■ INSTRUCTIONS TO FOLLOW ■
Below are lines of records; copy exactly those from the one containing "Restored Mercedes OEM" through the one containing "Soak the furniture", leaving the pictures behind.
═══ MATERIAL SUPPLIED
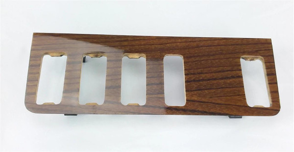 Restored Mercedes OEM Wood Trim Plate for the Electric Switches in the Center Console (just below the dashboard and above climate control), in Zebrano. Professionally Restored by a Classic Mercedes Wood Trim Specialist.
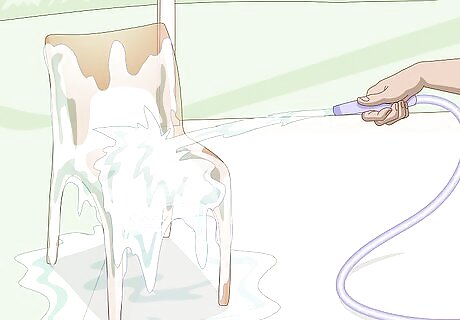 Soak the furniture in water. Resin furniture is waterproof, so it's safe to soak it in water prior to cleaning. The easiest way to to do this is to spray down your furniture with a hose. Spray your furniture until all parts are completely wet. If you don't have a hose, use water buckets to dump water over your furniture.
══════
═══ MATERIAL SUPPLIED
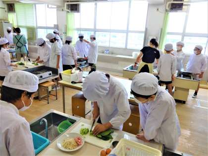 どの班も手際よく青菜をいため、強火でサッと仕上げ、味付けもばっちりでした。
══════
═══ MATERIAL SUPPLIED
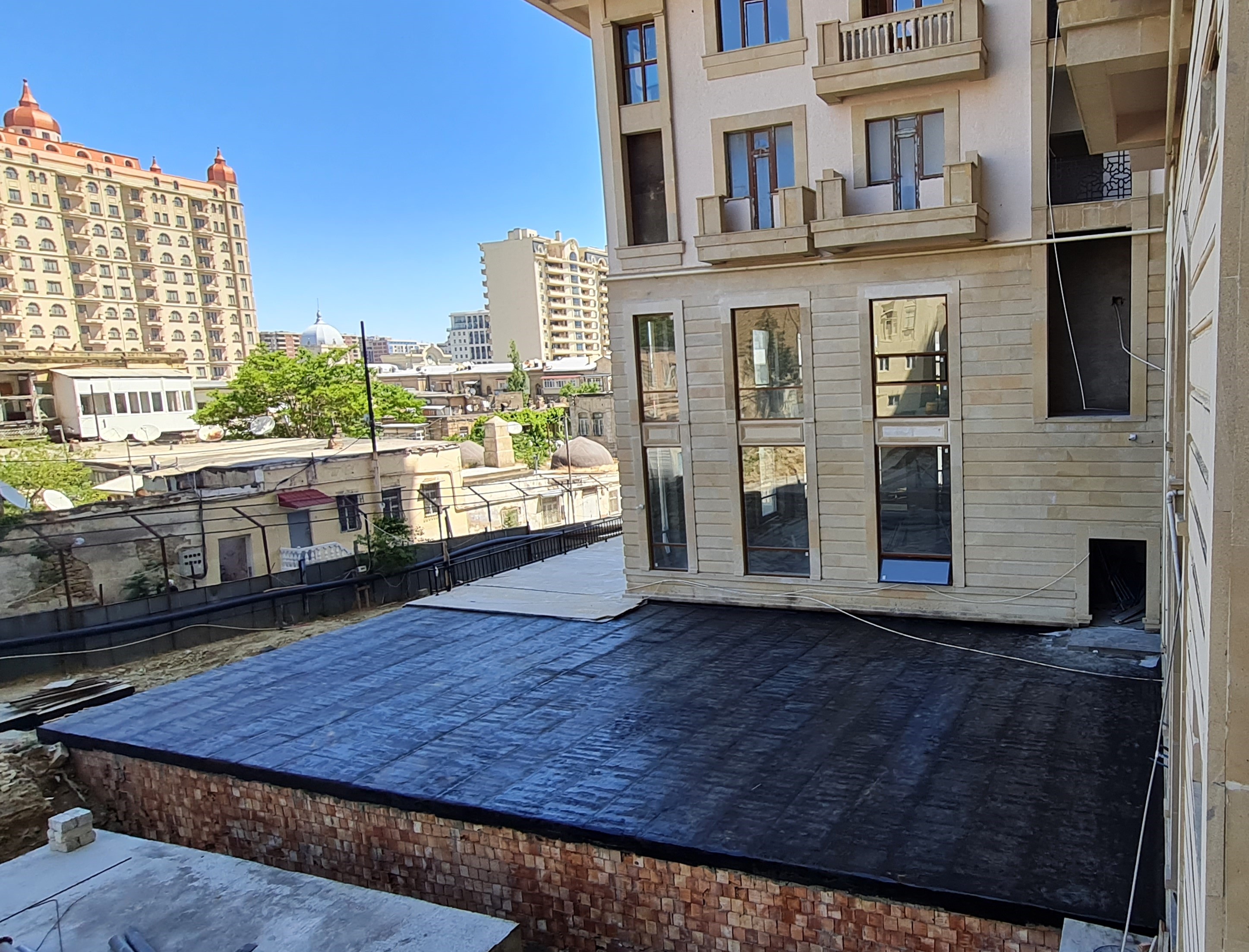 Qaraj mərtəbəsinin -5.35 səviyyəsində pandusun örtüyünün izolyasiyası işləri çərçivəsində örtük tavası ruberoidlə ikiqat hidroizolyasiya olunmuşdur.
══════
■ EXERCISE OUTPUT ■
 Restored Mercedes OEM Wood Trim Plate for the Electric Switches in the Center Console (just below the dashboard and above climate control), in Zebrano. Professionally Restored by a Classic Mercedes Wood Trim Specialist.
 Soak the furniture in water. Resin furniture is waterproof, so it's safe to soak it in water prior to cleaning. The easiest way to to do this is to spray down your furniture with a hose. Spray your furniture until all parts are completely wet. If you don't have a hose, use water buckets to dump water over your furniture.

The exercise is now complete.